Krankenkassen-Report Junge Erwachsene leiden immer öfter an Kopfschmerzen

1,3 Millionen junge Erwachsene bekamen 2015 die Diagnose Kopfschmerz, berichtet die Barmer-Krankenkasse. Besonders häufig betroffen waren Frauen.

Frauen sind häufiger von Kopfschmerzen betroffen als Männer
TMN

Frauen sind häufiger von Kopfschmerzen betroffen als Männer


Fast zehn Prozent der Deutschen gehen mindestens einmal im Jahr wegen Kopfschmerzen zum Arzt. Besonders auffällig: Immer mehr junge Erwachsene trifft die Diagnose. Dies geht aus dem aktuellen Arztreport der gesetzlichen Krankenkasse Barmer hervor, der in dieser Woche vorgestellt wurde.

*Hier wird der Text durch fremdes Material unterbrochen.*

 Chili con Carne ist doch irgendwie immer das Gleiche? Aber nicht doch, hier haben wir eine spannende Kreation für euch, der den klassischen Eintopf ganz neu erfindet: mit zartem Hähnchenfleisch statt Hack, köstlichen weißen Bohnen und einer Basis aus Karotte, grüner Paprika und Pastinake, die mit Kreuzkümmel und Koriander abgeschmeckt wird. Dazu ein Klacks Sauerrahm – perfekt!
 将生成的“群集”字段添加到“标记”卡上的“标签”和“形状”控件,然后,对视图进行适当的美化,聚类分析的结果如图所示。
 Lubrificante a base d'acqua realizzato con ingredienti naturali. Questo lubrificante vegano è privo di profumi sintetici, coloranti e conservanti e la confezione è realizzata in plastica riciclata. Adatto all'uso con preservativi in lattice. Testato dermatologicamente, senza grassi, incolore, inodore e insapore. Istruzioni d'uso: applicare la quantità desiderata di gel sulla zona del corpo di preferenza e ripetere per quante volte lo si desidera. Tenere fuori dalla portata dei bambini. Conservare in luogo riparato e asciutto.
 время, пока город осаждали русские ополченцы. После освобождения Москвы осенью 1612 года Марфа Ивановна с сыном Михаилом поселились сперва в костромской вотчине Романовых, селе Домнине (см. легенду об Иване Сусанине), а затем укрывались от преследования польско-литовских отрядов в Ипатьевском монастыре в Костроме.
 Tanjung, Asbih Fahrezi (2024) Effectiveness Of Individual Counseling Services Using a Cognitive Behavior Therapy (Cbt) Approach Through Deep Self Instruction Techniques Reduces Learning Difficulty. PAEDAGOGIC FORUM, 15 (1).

Im Zeitraum 2005 bis 2015 ist demnach der Anteil der 18- bis 27-Jährigen mit Kopfschmerzdiagnosen um 42 Prozent gestiegen. 2015 sei bei 1,3 Millionen jungen Erwachsenen von einem Arzt ein Pochen, Klopfen oder Stechen im Kopf diagnostiziert worden. Das sind 400.000 mehr als 2005. Am häufigsten seien Kopfschmerzen im Alter von 19 Jahren diagnostiziert worden.

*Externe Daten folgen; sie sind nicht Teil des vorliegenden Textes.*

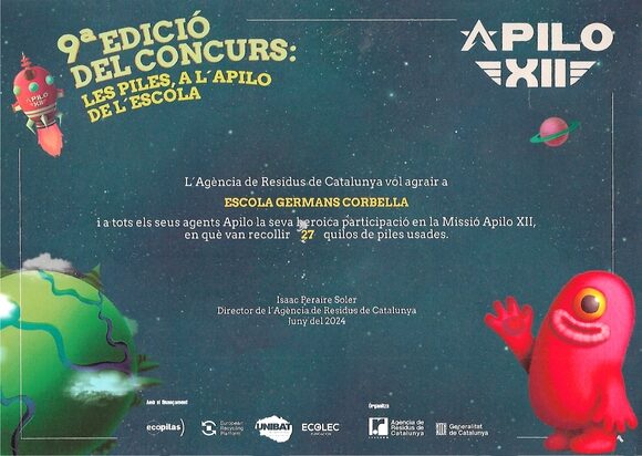 Us volem informar que la l’Agència de Residus de Catalunya ens va agrair a l’Escola Germans Corbella i a tots els seus agents Apilo, doncs el curs passat, en la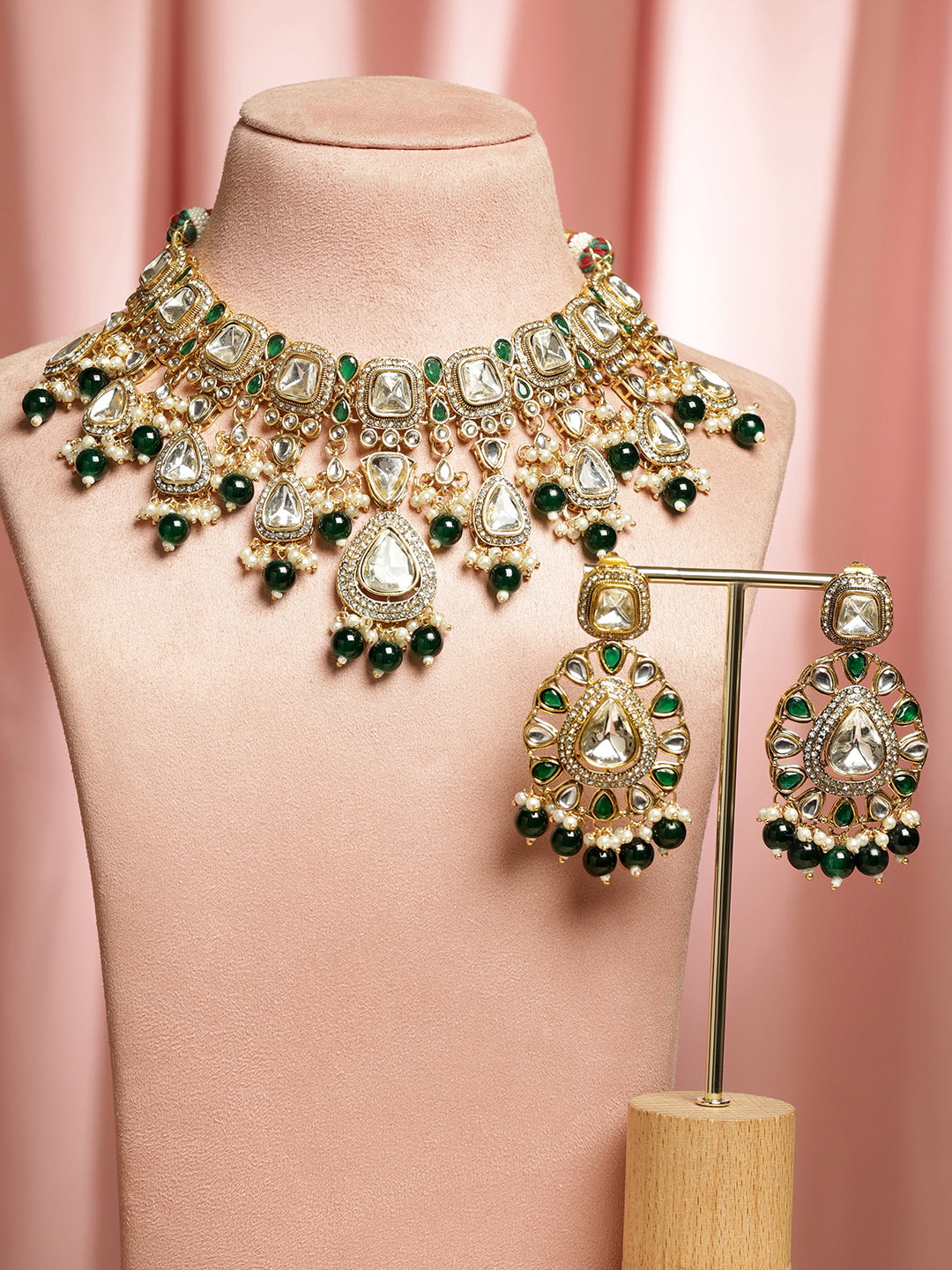 Jewellery Set: This Rubans 22K gold-plated handcrafted necklace set features white Kundan, Cubic Zirconia, and green pearl beads, designed to add regal charm for weddings, festive occasions, and grand celebrations.

Die Gründe für den Anstieg bei jungen Erwachsenen seien noch nicht ganz klar, erläuterte Barmer-Chef Christoph Straub. Er könne ein Beleg dafür sein, dass der Druck auf die jungen Menschen zugenommen habe.

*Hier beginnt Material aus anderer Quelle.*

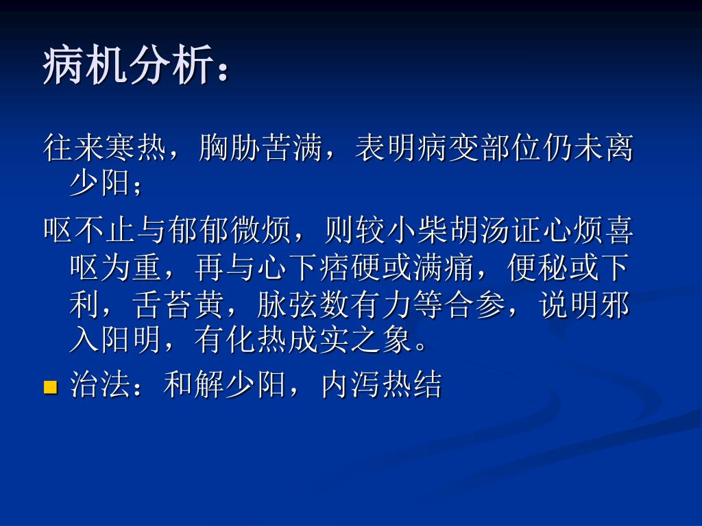 病机分析: 往来寒热,胸胁苦满,表明病变部位仍未离少阳; 呕不止与郁郁微烦,则较小柴胡汤证心烦喜呕为重,再与心下痞硬或满痛,便秘或下利,舌苔黄,脉弦数有力等合参,说明邪入阳明,有化热成实之象。 • 治法:和解少阳,内泻热结
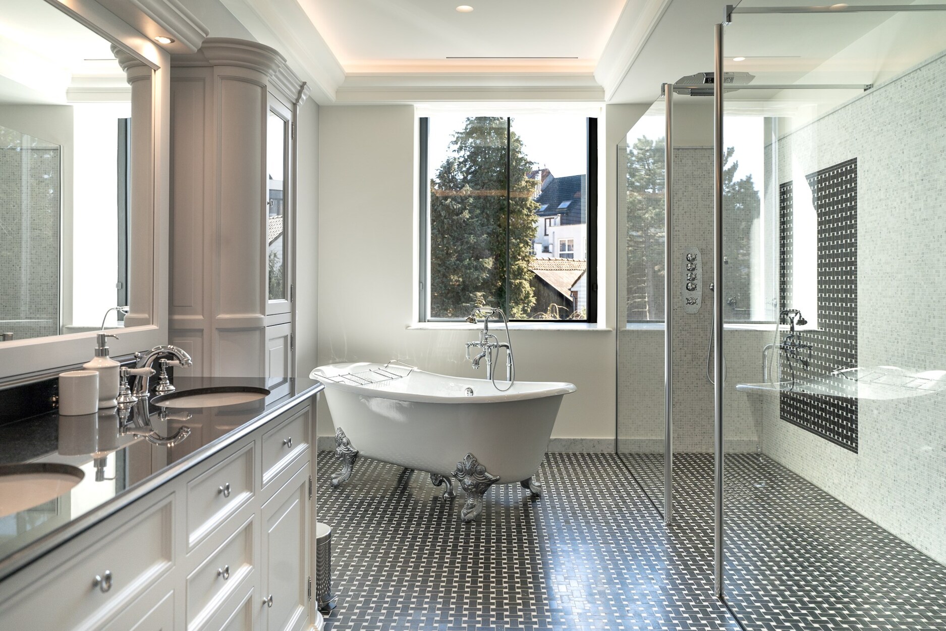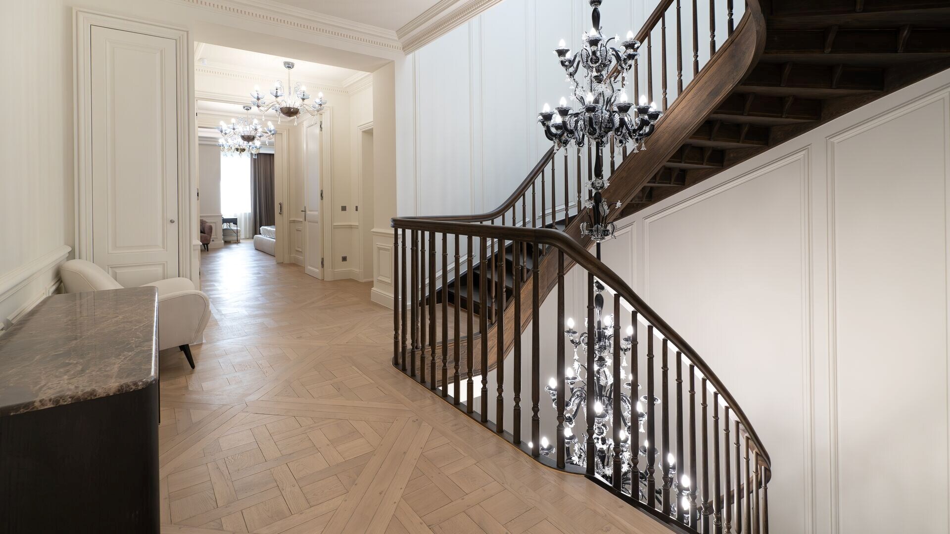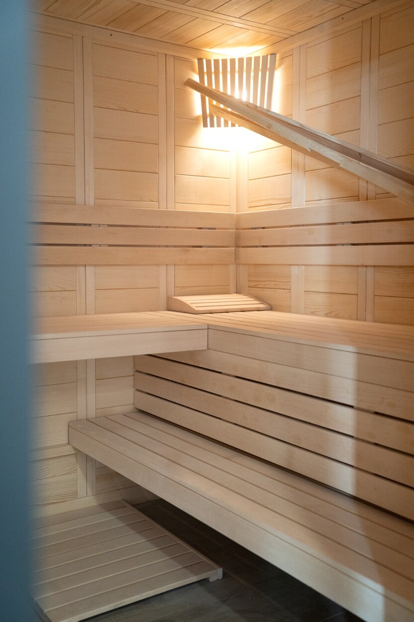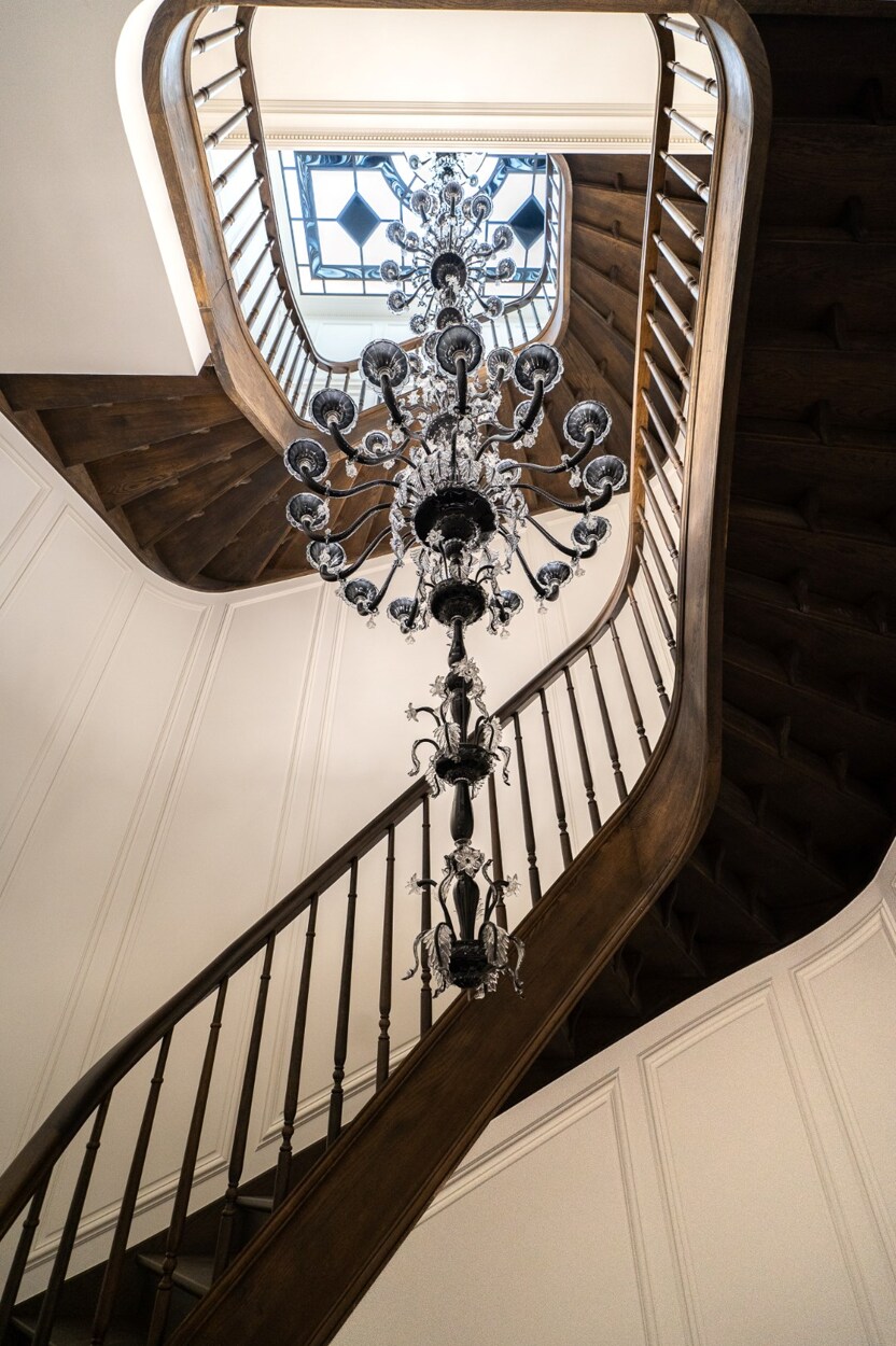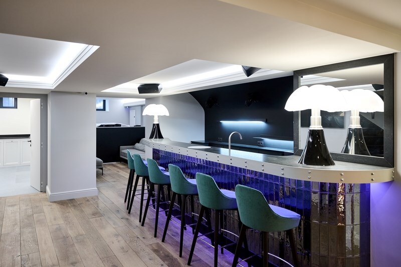 De begane grond herbergt een verfijnde wellnessruimte met fitnessruimte, sauna en massageruimte. Op de eerste verdieping omringen een TV-salon, elegante eetkamer met gasvuur en salon met bar een professionele keuken van massief eikenhout, opmerkelijk door zijn geïntegreerde grill, op maat gemaakte afzuigkap en koelcel.

Bei Kindern im Alter von drei bis zwölf nahm die Zahl der Diagnosen im Vergleich zu 2005 um 35 Prozent ab. In diesem Zeitraum vor der Pubertät waren Jungen und Mädchen noch gleichermaßen betroffen. Unter den jungen Erwachsenen lag der Anteil der kopfschmerzgeplagten Frauen dagegen um sieben Prozentpunkte über dem der Männer.

Kopfschmerz als Nebenwirkung von Migränetabletten

Insgesamt gibt es um die 250 Arten von Kopfschmerzen. Die Barmer-Studie hat sich auf Spannungskopfschmerzen und Migräne konzentriert. Die Dunkelziffer nicht behandelter Kopfschmerzen dürfte noch wesentlich höher liegen. Medikamente helfen hierbei nicht immer, wie Straub unterstrich.

Eine Umfrage im Auftrag der Barmer vom Januar 2017 belege einen bedenklichen Tablettenkonsum, so die Krankenkasse. Als Migränemittel etwa würden fast ausschließlich Mittel aus der Substanzgruppe der Triptane, vor allem Sumatriptan, verordnet. Sie gelten demnach als Wundermittel für Migränepatienten, können jedoch unerfreuliche Nebenwirkungen haben - nämlich Kopfschmerzen.

Um zu verhindern, dass durch Medikamentenübergebrauch Schmerzen im Kopf entstehen, sollten Triptane an maximal zehn Tagen im Monat eingenommen werden. Ob man selbst ein entsprechendes Mittel einnimmt, steht in der Packungsbeilage. Die unterschiedlichen Wirkstoffe enden immer auf "-triptan". Neben Sumatriptan kommen beispielsweise die Substanzen Naratriptan, Almotriptan oder Frovatriptan zum Einsatz.

Auch mit koffeinhaltigen Kopfschmerztabletten, die oft ohne Rezept in der Apotheke erhältlich sind, sollten Patienten vorsichtig sein. Ihr zusätzlicher Nutzen ist gegenüber Tabletten ohne Koffein umstritten. Sie bergen aber die Gefahr, dass bei regelmäßigem Gebrauch Kopfschmerzen durch Koffeinentzug entstehen.

Der Alltag könne für Kopfschmerz-Patienten zur Qual werden, sagte Straub. Gerade bei jungen Erwachsenen könne die berufliche oder universitäre Existenz gefährdet werden. Doch "Sport, Entspannungstechniken oder eine gesunde Lebensführung könnten vielen Betroffenen aus der Pillenfalle helfen".